Eating fish has many health benefits. A new study from Brigham and Women's Hospital has discovered one more. Women who had two or more servings of fish a week were found to have a 20 percent decreased risk of hearing loss.
Researchers used data from Nurses’ Health Study II, which tracked the behaviors of nurses over several years. In the study, 65,215 women were followed from 1991 to 2009. Of these women, more than 11,600 developed hearing loss.
The nurses were between the ages of 27 and 42 when they were first surveyed about what they ate and drank. They were asked if they had any hearing trouble and if so, what age did they notice it occurred.
Women who consumed two or more servings of fish per week had a 20 percent lower risk of hearing loss as compared to women who rarely ate fish.
According to Dr. Sharon Curhan, a researcher at Brigham and Women's Hospital in Boston, and co-author of the study, the researchers thought that certain types of fish would be more protective than others but that was not found to be true.
"Eating any type of fish — whether it's tuna, dark fish [like salmon] or light fish was a associated with a lower risk," said Curhan as reported by NPR.com.
"Higher fish consumption may help maintain adequate cochlear blood flow. This could help protect against hearing damage," Curhan went on to say.

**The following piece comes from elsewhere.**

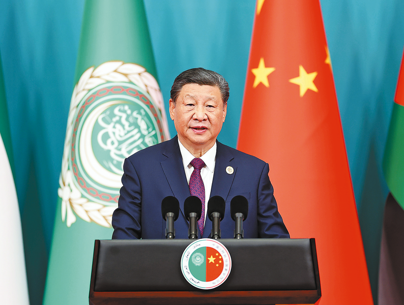 习近平指出,中国和中国人民同阿拉伯国家和人民的友谊,缘自丝绸古道上的友好往来、争取民族解放时的并肩战斗、国家建设进程中的合作共赢。新世纪以来,中阿关系不断迈上新台阶。2022年12月,我赴沙特利雅得出席首届中阿峰会,中阿双方一致同意全力构建面向新时代的中阿命运共同体。中方愿同阿方发挥好峰会战略引领作用,持续推动中阿关系跨越式发展。中方将于2026年在中国举办第二届中阿峰会,相信这将成为中阿关系又一座里程碑。
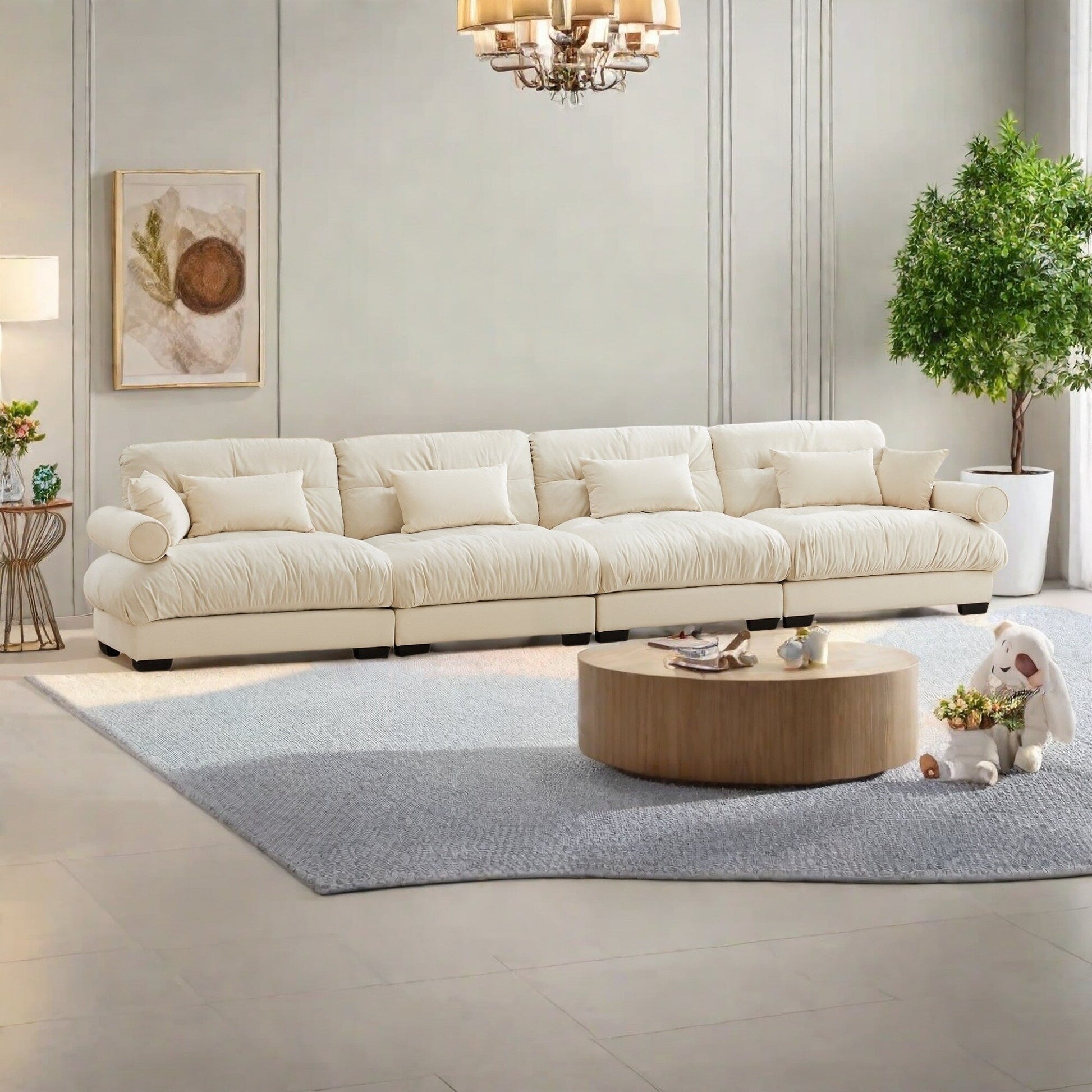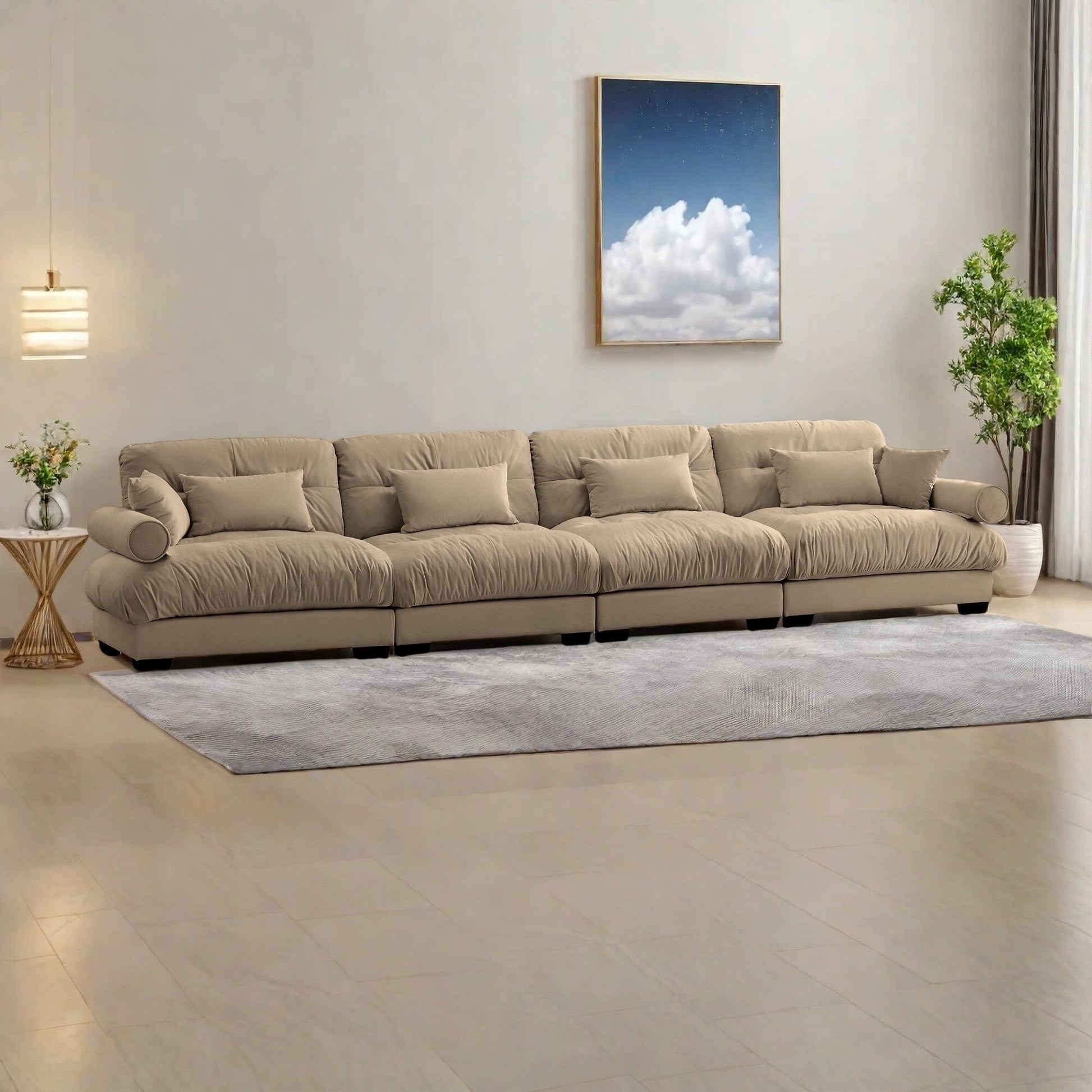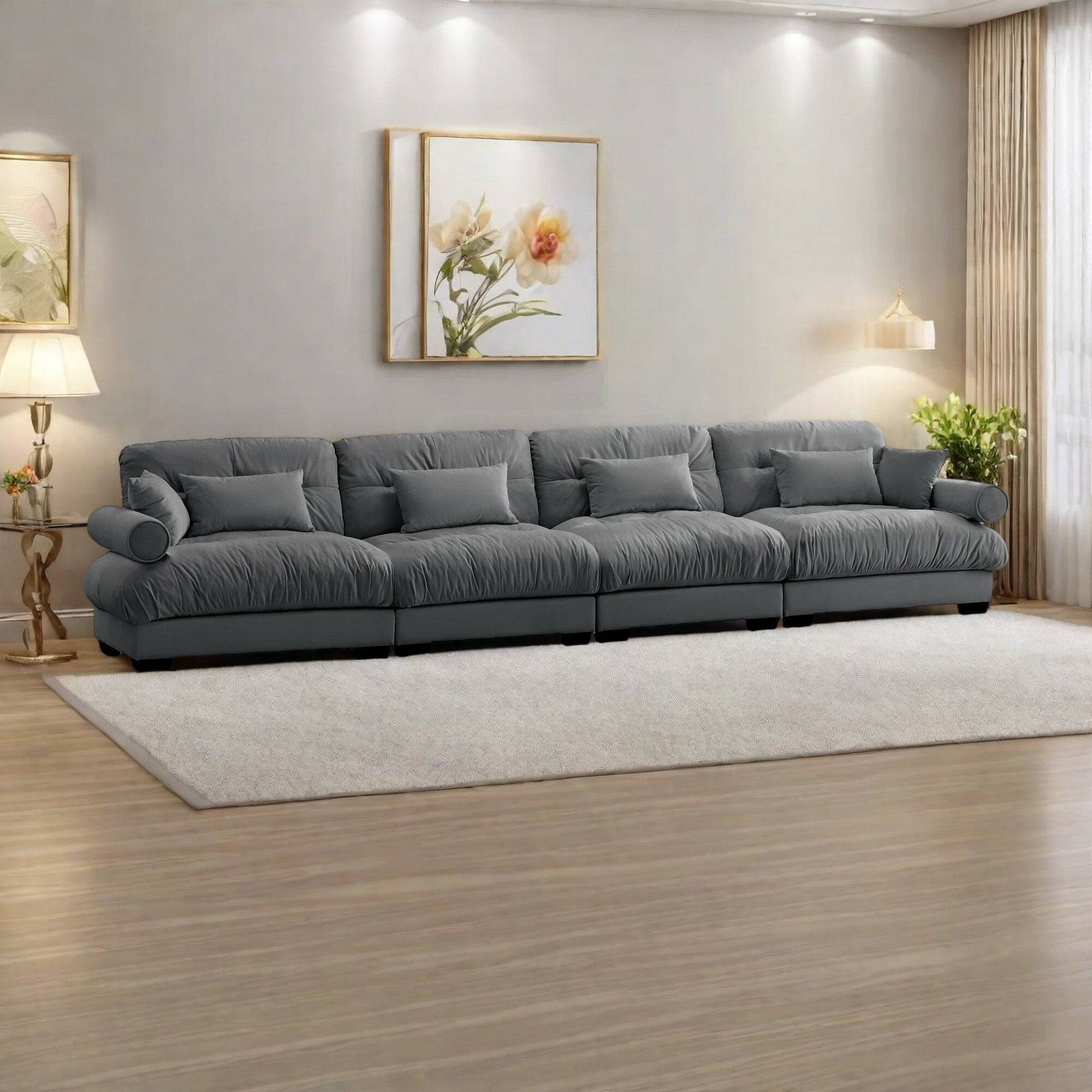 166Velvet 4-Seater Sofa with Bolster Armrests, High-Resilience Sponge...

This study has provided evidence that higher intake of fish and long-chain omega-3 polyunsaturated fatty acids (PUFA) may be linked with lower risk of developing hearing loss.
However, the hearing loss was self-reported by the women in the study. No hearing tests were performed to support their own perception.
NPR mentioned another hearing loss study where hearing loss was measured by actual audiometry testing in about 3,000 Australian men aged 50 and over. In that study they too found that eating fish reduced the men’s risk of hearing loss.
“There was an association between consumption of ≥1 to <2 servings/wk of fish and a reduced risk of a progression of hearing loss.”